Filling the image was, well, I wasn't exactly sure what it was. An air vehicle of some type? There was a partially enclosed framework slung from netting beneath a large blunt-ended cylinder. I could identify what looked like control planes for pitch and yaw and a set of large diameter propellers like they still used on some light aircraft. It appeared to be tied down to a mooring platform that was smaller than it was. After a moment, 'Brina pulled back the view to show two similar devices on neighboring platforms, the whole thing a couple hundred meters from the village proper.

"It's a . . . Um. What is it, 'Brina?" I asked with an amused giggle.

"It's an Airship, Sea. It's a Gorram Airship! Not just one, but three of them! We've got to land here. Seriously." I don't think I'd ever seen her quite this bouncy before. She was like Elsoph trying to describe a newly invented piece of kit, or Lily with a fresh box of candy. She wasn't just excited; she was actually bouncing.

"You know it's not entirely up to me? Ok. So maybe it is. But you know I'm not going to be arbitrary about this. I'm going to have to talk to to the Science guys before I give the go ahead. And, like it or not, we're not going to be the first ones down." I held up a hand, waving it playfully at the first start of her objection. "This isn't some old Cortex video where the Captain and their senior staff go to the surface first. Wherever we set down, it'll be a couple of the Anthropologists with an ORCA escort first. OK?"

Sabrina gave me that look, then laughed. "I know, I know. But seriously. This is where we've got to go. Even if we're not going to get there first. Promise you'll bring it up?"

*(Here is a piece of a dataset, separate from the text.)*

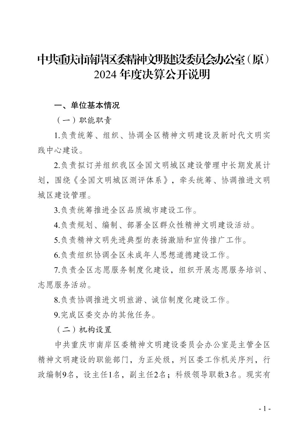 中共重庆市南岸区委精神文明建设委员会办公室(原)2024年决算公开说明

I promised, and did, a couple days later at the next staff meeting. Sabrina's suggestion prompted a lively debate on the subject, even more so when the imaging team showed more of those lighter than air vehicles in flight over several areas of what had once been the British Isles and Northern Europe.

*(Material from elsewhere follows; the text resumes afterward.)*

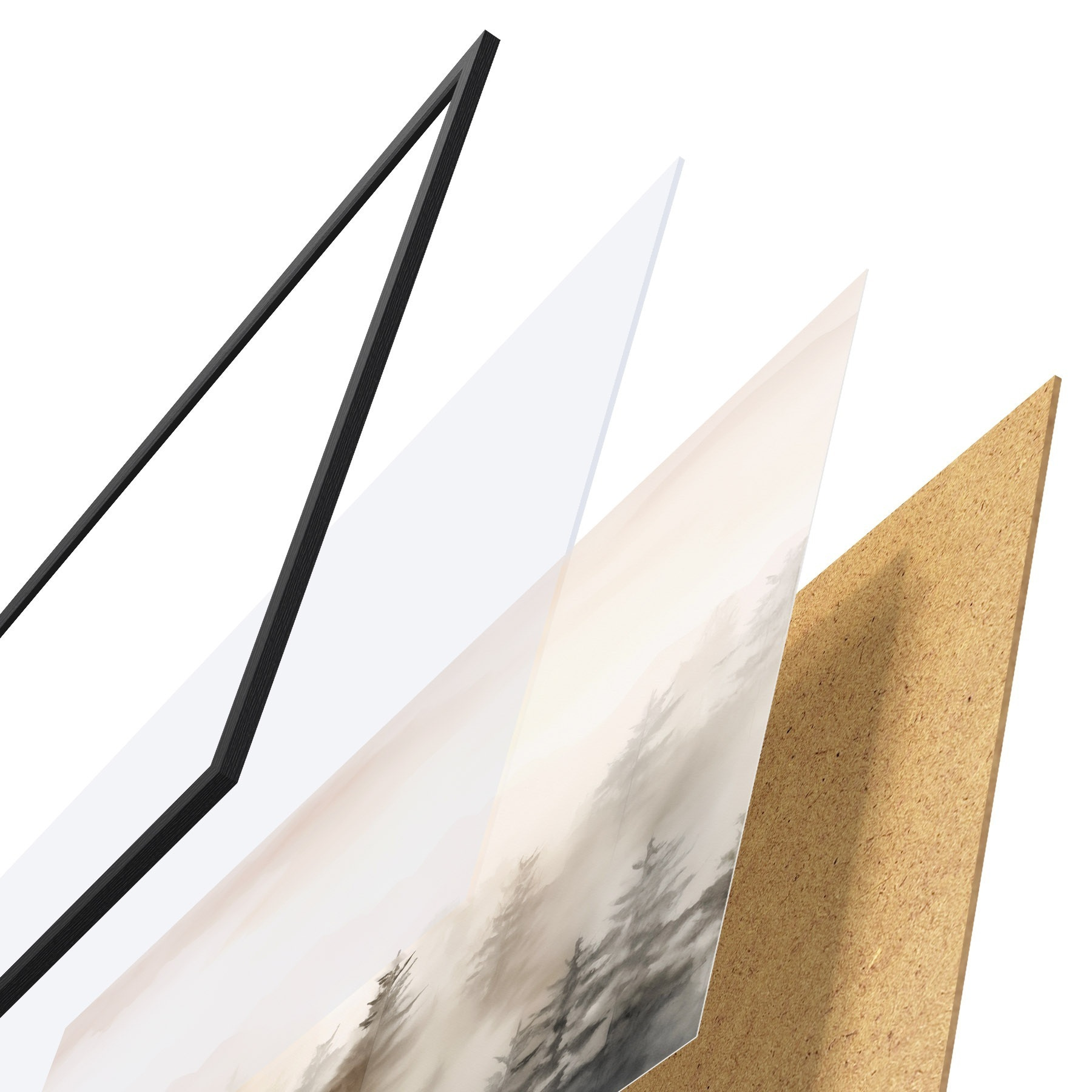 Plagát sa skladá z rámu, plexiskla, vytlačeného obrazu a podkladu z drevotriesky. Plagát možno okamžite zavesiť na stenu vďaka úchytom na zadnej strane.

Compared to the various sailing craft we'd seen on the surface, the airships were a good deal faster and seemed to have a surprisingly good payload for their size. Near as we could tell, they were steam powered and used some sort of mostly smokeless liquid for fuel. Sabrina was practically begging the Science team to land at the airship base we'd spotted.

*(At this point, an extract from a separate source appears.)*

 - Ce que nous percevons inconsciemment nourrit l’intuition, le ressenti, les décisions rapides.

Strangely, we hadn't seen many other steam vehicles. Or steam powered anything for that matter. A few large tractor like machines on the surface. Some large surface boats. What was probably a factory or mill of some kind in a couple of scattered locations. But overall, there just didn't seem to be used much.

It was another question we'd have to answer once we'd gotten to the surface. And, ultimately, Sabrina got her wish. We'd send down several teams in different locations but Site Number One would be a small village in what was once the Highlands of Scotland, where the Airships docked.